▸ **TRY IT**: Beginning with the line below that contains "教科書の絵を見て、よいことや" and ending with the line that contains "第6单元综合素质评价卷(含答案)人教版(五四制)", retype every line exactly. Pictures are not copied.
......
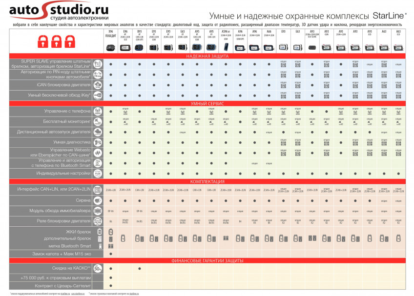 Актуальные характеристики охранных комплексов StarLine можно найти на официальном сайте производителя, также вы можете скачать сравнительную таблицу выпускаемых производителем устройств и подобрать наиболее подходящий вам вариант.
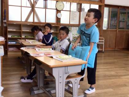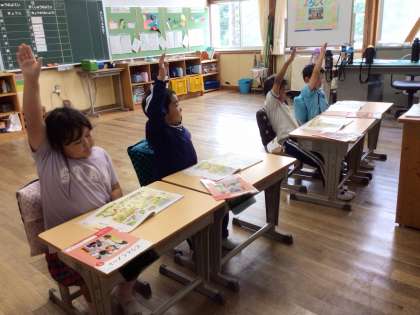教科書の絵を見て、よいことやよくないことをしている動物を見つけて発表していました。
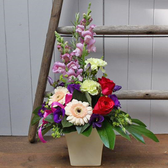 Antirrhinums, mini gerberas, roses, carnations and lisianthus expertly arranged in a ceramic container to create an elegant display.
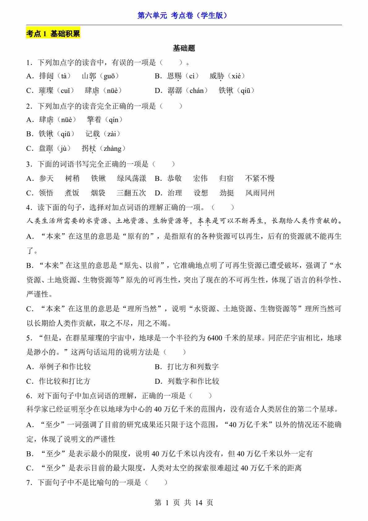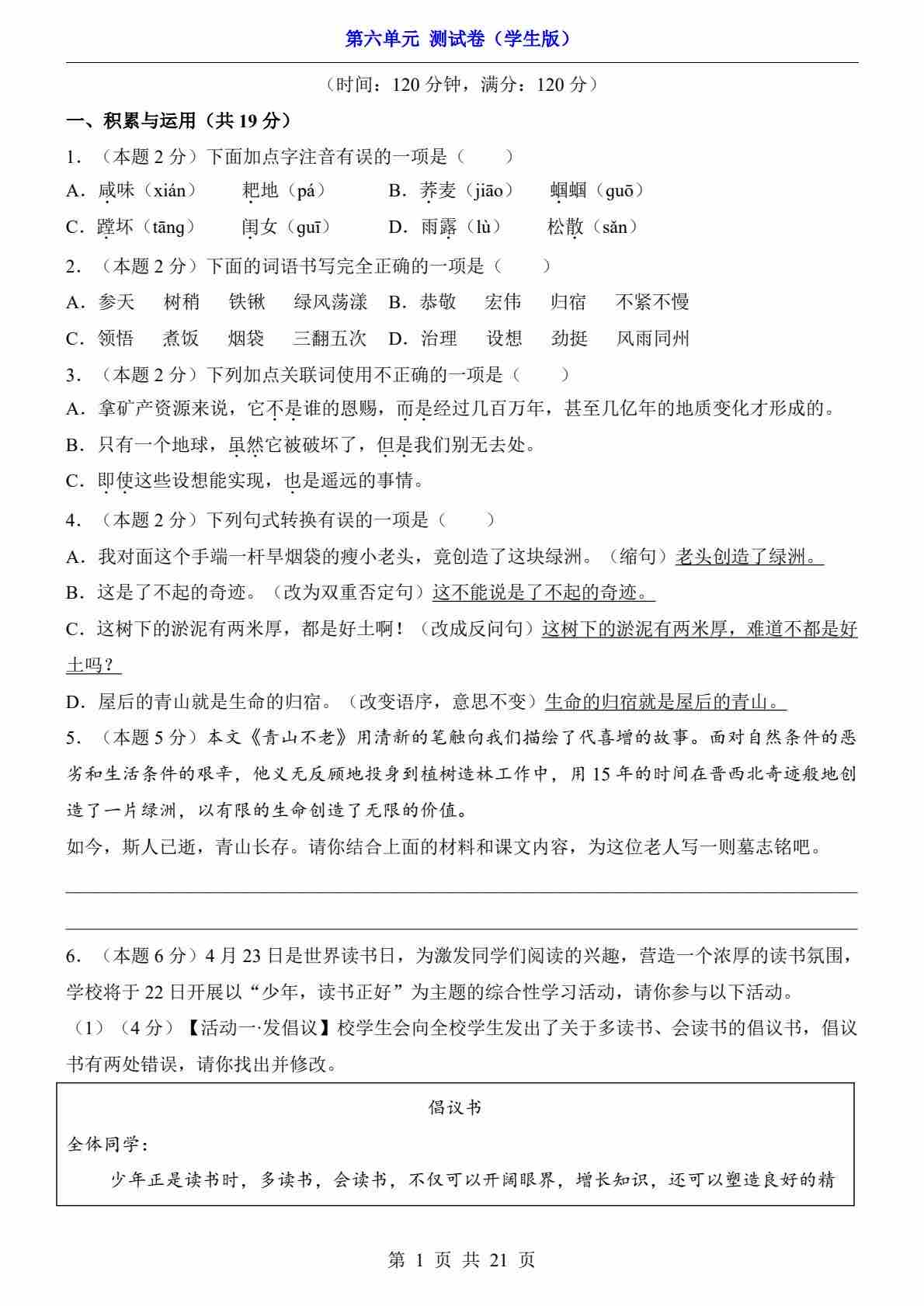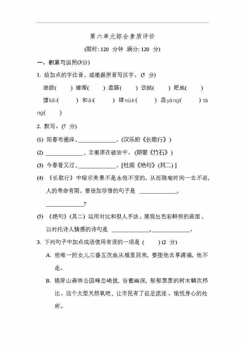 第6单元综合素质评价卷(含答案)人教版(五四制)
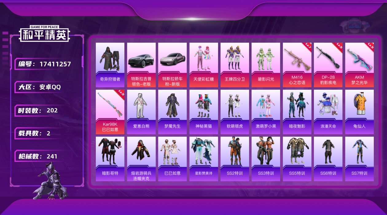 [17411257]【特价出售/店主推荐】安卓 手Q-3粉装-4特效枪-2载具-0粉色飞行器-73432热力值-13王牌印记-202套装-241枪皮 【热门品类】:套装-浪漫天命,套装-奇异狩猎者,套装-龟仙人,套装-暗影哥特,熔岩游骑兵连帽夹克 【粉色套装】:粉装-天使彩虹糖,粉装-王牌四分卫,粉装-碧影闪光 【粉色枪皮等级】:AKM-梦之光华(五级),M416-心之恋语(七级),Kar98K-巳巳如意(五级),DP-28-豹影疾电(五级) 【粉色载具】:特斯拉Model X(冷光银),特斯拉Roadster(沁心粉) 【粉色枪皮】:AKM-梦之光华,M416-心之恋语,Kar98K-巳巳如意,DP-28-豹影疾电 【粉色降落伞】:春暖花开降落伞,梦幻火箭降落伞,古堡领主降落伞,繁花小夜曲降落伞,葫芦兄弟降落伞 【稀有套装】:套装-龟仙人,套装-巳巳如意,套装-星影赞美诗 【稀有枪皮】:AKM-冰凉西瓜,AKM-夜灯,AKM-奇异狩猎者,AKM-彩虹符号,AKM-折纸暴龙,AKM-灼热熔岩,AKM-玉龙,AKM-生命誓言,AKM-破晓战魂,AKM-萌趣颜团子,AKM-虎虎生威,AKM-霓虹街区,AKM-龙的传人,M16A4-夜灯,M16A4-幻世战舞者,SCAR-L-凝视深渊,SCAR-L-炫彩节奏,SCAR-L-玉兔迎春,SCAR-L-红色方程式,SCAR-L-黄金龙骨,M416-仓鼠灰灰,M416-夜灯,M416-神秘黑猫,M416-糯团青竹,M416-红色方程式,M416-罗小黑,M416-蓝色火焰,GROZA-异彩先驱,GROZA-彩虹符号,GROZA-懵萌河马,GROZA-治愈之星,GROZA-生命誓言,GROZA-田园牧歌,GROZA-蓝莓炮弹,GROZA-黑色刀锋,AUG-凝视深渊,AUG-天降萌叽,AUG-闲梦青缨,AUG-青春冒险家,QBZ-原初圣火,QBZ-彩虹符号,M762-彩虹符号,M762-牛气冲天,M762-瑞龙福将,M762-甜心宝贝,M762-绯红前夜,M762-诡娃娃,M762-镭射皇者,Mk47-百万伏特,Mk47-青春冒险家,G36C-不夜海上花,G36C-懵萌河马,G36C-时空追击者,AC-VAL-天降萌叽,蜜獾-垂柳戏鸭,蜜獾-天降萌叽,蜜獾-娇憨猪猪,UZI-众神之王,UZI-啾咪啾咪,UZI-天降萌叽,UZI-娇憨猪猪,UZI-影袭,
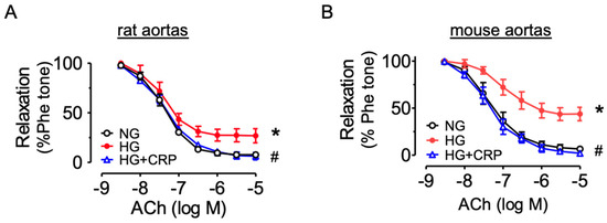 Vasoprotective effect of CRP in aortas from SD rats and C57BL/6J mice ex vivo. Effect of CRP extract (400 µg/mL) on acetylcholine (ACh)-induced endothelium-dependent relaxations of aortas (A) from rats exposed to high glucose (HG, 44.4 mM, 5 h) and (B) from mice (30 mM, 48 h). Data are mean ± SEM of 4 experiments. * p < 0.05 HG vs. NG; # p < 0.05 HG + CRP vs. HG.
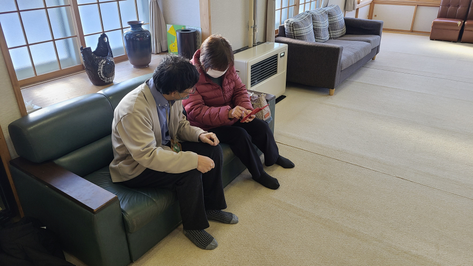 今回は参加者が3名と少人数だったため、講習形式ではなく個別に対応する形で実施。スマートフォンでの「オトモノアプリのインストール」や「LINEの友達登録や写真の送信」「画像検索」など、一人ひとりの具体的な要望に合わせて丁寧にサポートを行いました。 学習会の最後には、寿大学用のLINEオープンチャットに参加していただき、研修旅行の動画などを鑑賞し、和やかに終了しました。
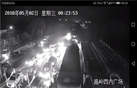 518:27分,黃土嶺隧道發生多起多車追尾現象,事故現場仿佛貪吃蛇,二車追尾、三車追尾、四車追尾,特別是四車追尾現場,除了追尾車輛車頭凹陷變形,被撞車輛車尾面目全非外,一輛白色SUV更是被后車頂到前引蓋上3名司乘人員受傷。隧道所監控員洪慧雯不斷切換鏡頭,向指揮中心、醫院發出報告;早已到達的隧道所執勤隊已在現場維持秩序,引導后方車輛通行,為交警、急救和施救車輛開通生命通道;與此同時,臺州、臺州南和溫嶺西收費所暫時關閉寧向入口。
......
▸ **RESPONSE TO THIS TASK**:
教科書の絵を見て、よいことやよくないことをしている動物を見つけて発表していました。
 Antirrhinums, mini gerberas, roses, carnations and lisianthus expertly arranged in a ceramic container to create an elegant display.
 第6单元综合素质评价卷(含答案)人教版(五四制)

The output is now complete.